A.1. バリウム濃度を下げないということについては、現在の低粘性バリウムであれば、かなり飲みやすくなっている。発泡剤と一緒に飲用する水の分を計算し、あらかじめその分バリウム濃度を高めに設定して作るというのも一案だと思う。そうすれば、多くの健診施設で行なわれているバリウム濃度が下がるのを危惧して、少量の水で発泡剤を飲むというやり方よりは楽な飲み方になると思う。バリウムと一緒に飲んだ際の気泡の問題も無くなる。(A社)
2. 発泡時期を早めることは、いろいろ研究しているので、ニーズに答えられる発泡剤はできると思う。ただ、それが気泡を素早く消すということに繋がるとは限らない。検討する。
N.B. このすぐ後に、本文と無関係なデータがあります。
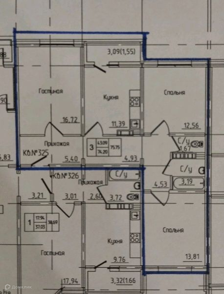 Общая площадь 75 м2

(A社)
3. 今回、実際に写真性が向上している例を拝見し、意欲が湧いた。前向きに検討しようと思う。(B・C社)
 
Q. 資料では、水の温度を高ければ発泡時間が速くなるということだが、温度を高めにし、その分、水量を減らすという考えは実用的にはどうだろうか
A. あくまで実験結果の数値で、実用効果はかなり疑問。
 
Q. バリウムで飲ませたときと水で飲ませたときとでは、出てくる泡の質に違いはあるのか
A. バリウムで飲ませたときは、比較的粘り気の多い泡(消えにくい泡)になる。
 
Q. 消泡液を使用している施設が減っていると思うが、見解を聞かせて欲しい
A. 現在、高濃度バリウムを使用している施設が増えている。コスト削減ということが背景にあると思うが、このバリウムは、添加剤を極力抑えて低粘性にしている。また、消泡成分も多少含まれているものもある。そのため、泡がはじけ易く消泡液をそれほど必要と感じないということだと理解している。